This is not a super easy thing to handle. Here are what we deal with:
I have built this function (for pass_gen.pl). Can you think of a better way to do this? It returns the number of utf-16 (2 byte) characters required. It is a replacement for length($s)
sub jtr_unicode_corrected_length {
my $base_len = length($_[0]);
if ($arg_codepage ne "UTF-8") { return $base_len; }
# ok, we need to check each letter, and see if it takes 4 bytes to store. If so,
# then we add an extra character charge against that char (from 1 to 2 utf-16
# characters). All 1 or 2 byte characters were already handled by length() call.
my $final_len = $base_len;
for (my $i = 0; $i < $base_len; $i += 1) {
my $s = substr($_[0], $i, 1);
my $ch_bytes = Encode::encode_utf8($s);
if (length($ch_bytes) == 4) { $final_len += 1; }
}
return $final_len;
}
This 'seems' to work properly:
len=16 mylen=32 from _𠱸𠲖𠳏𠳕𠴕𠵼𠵿𠸎𠸏𠹷𠺝𠺢𠻗𠻹𠻺𠼭_
u0-dynamic_29:$dynamic_29$232fe2dbf22e57e63442c8b7c1c97f0a:0:0:𠱸𠲖𠳏𠳕𠴕𠵼𠵿𠸎𠸏𠹷𠺝𠺢𠻗𠻹𠻺𠼭::
len=17 mylen=34 from _𠱓𠱸𠲖𠳏𠳕𠴕𠵼𠵿𠸎𠸏𠹷𠺝𠺢𠻗𠻹𠻺𠼭_
u1-dynamic_29:$dynamic_29$e08f57223c1cb0f69939a0e22fba16b9:1:0:𠱓𠱸𠲖𠳏𠳕𠴕𠵼𠵿𠸎𠸏𠹷𠺝𠺢𠻗𠻹𠻺𠼭::
len=20 mylen=40 from _𢴈𢵌𢵧𢺳𣲷𤓓𤶸𤷪𥄫𦉘𦟌𦧲𦧺𧨾𨅝𨈇𨋢𨳊𨳍𨳒_
u2-dynamic_29:$dynamic_29$a5df3aa73256944f47a0ab36b9a5e812:2:0:𢴈𢵌𢵧𢺳𣲷𤓓𤶸𤷪𥄫𦉘𦟌𦧲𦧺𧨾𨅝𨈇𨋢𨳊𨳍𨳒::
len=20 mylen=40 from _𢳂𢴈𢵌𢵧𢺳𣲷𤓓𤶸𤷪𥄫𦉘𦟌𦧲𦧺𧨾𨅝𨈇𨋢𨳊𨳍_
u3-dynamic_29:$dynamic_29$6ab0a31c20266b40cc387649bcffe5c8:3:0:𢳂𢴈𢵌𢵧𢺳𣲷𤓓𤶸𤷪𥄫𦉘𦟌𦧲𦧺𧨾𨅝𨈇𨋢𨳊𨳍::
len=14 mylen=28 from _𠳏𠳕𠴕𠵼𠵿𠸎𠸏𠹷𠺝𠺢𠻗𠻹𠻺𠼭_
u4-dynamic_29:$dynamic_29$c167f5f522d77f231814ffe1b4eddb0e:4:0:𠳏𠳕𠴕𠵼𠵿𠸎𠸏𠹷𠺝𠺢𠻗𠻹𠻺𠼭::
len=20 mylen=40 from _𠜎𠜱𠝹𠱓𠱸𠲖𠳏𠳕𠴕𠵼𠵿𠸎𠸏𠹷𠺝𠺢𠻗𠻹𠻺𠼭_
u5-dynamic_29:$dynamic_29$c45ce126efdbeafb4a0a5390627a7f69:5:0:𠜎𠜱𠝹𠱓𠱸𠲖𠳏𠳕𠴕𠵼𠵿𠸎𠸏𠹷𠺝𠺢𠻗𠻹𠻺𠼭::
len=20 mylen=40 from _𢵌𢵧𢺳𣲷𤓓𤶸𤷪𥄫𦉘𦟌𦧲𦧺𧨾𨅝𨈇𨋢𨳊𨳍𨳒𩶘_
u6-dynamic_29:$dynamic_29$669ee0b6ba7da23f3dbc946913e6ef84:6:0:𢵌𢵧𢺳𣲷𤓓𤶸𤷪𥄫𦉘𦟌𦧲𦧺𧨾𨅝𨈇𨋢𨳊𨳍𨳒𩶘::
len=6 mylen=6 from _burçin_
u7-dynamic_29:$dynamic_29$2264716d785ebbdcf6e5c7d416154aca:7:0:burçin::
The last one is a string with 5 ascii bytes, and 1 utf-8 that fits in 1 utf-16 char. The first set take 4 bytes for each character.

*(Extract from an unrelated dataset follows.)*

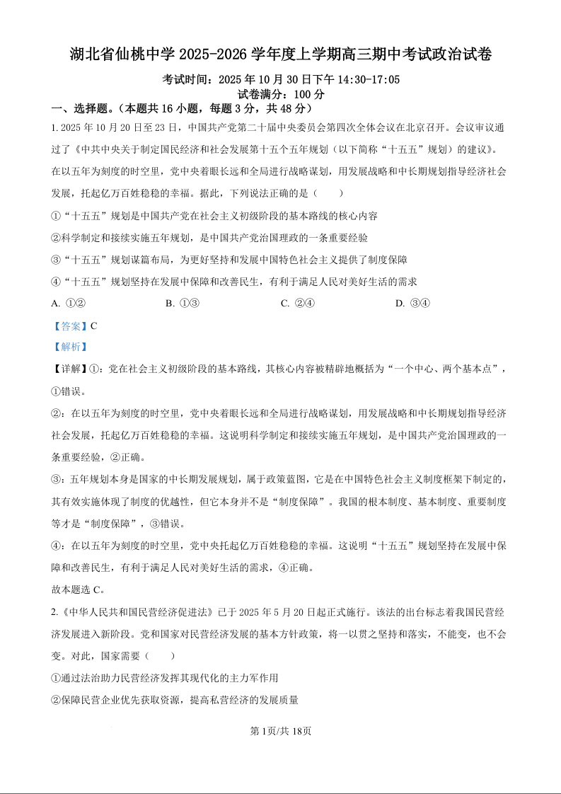 湖北省仙桃中学2025-2026学年高三上学期期中考试 政治答案.docx
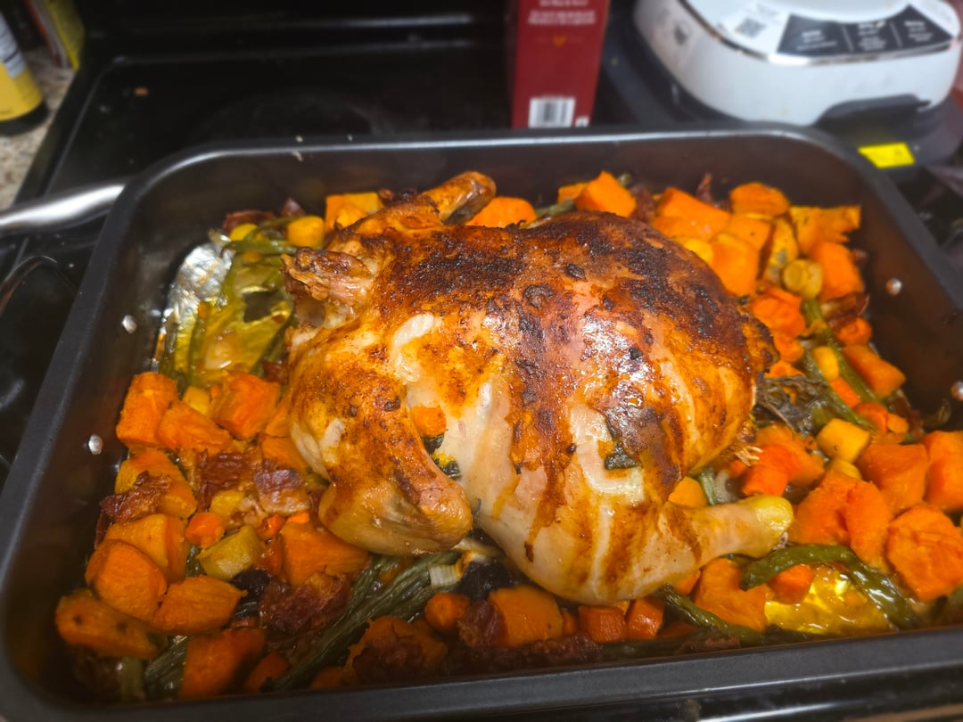 5.6 lbs whole chicken, tossed in johhnys seasoning, stuffed with celery and sage, then coated in butter. The chicken is sitting on a bed of garlic butter brown sugar glazed sweet potatoes, multicolor carrots, onions, green beans, chopped maple bacon, and a little bit of chicken broth for moisture. Baked for roughly 1hr 45 at 400⁰, rotated twice (once at 60 min again at 1hr 30 min) to get an even crisp skin.

Magnum, what is your opinion? I think this is the right way to go. JtR requires no changes for these longer characters, IF we use the encoding functions.
I changed if(length($ch_bytes)==4) into if(length($ch_bytes)>3)
I have commited 3b7dbf9 pass_gen.pl to compute string lengths in 'JtR' friendly manner. The lengths for UTF-8 mode still 'want' number of characters. However, the larger 4 byte characters get charged as 2 characters, since they use twice the memory. Now a string with 10 ascii chars, 10 3 byte utf-8 and 6 4 byte utf-8 will be listed as NOT able to fit into a 27 char buffer. That string will take 32 characters to hold, and not 26 as the 'length()' function would have claimed.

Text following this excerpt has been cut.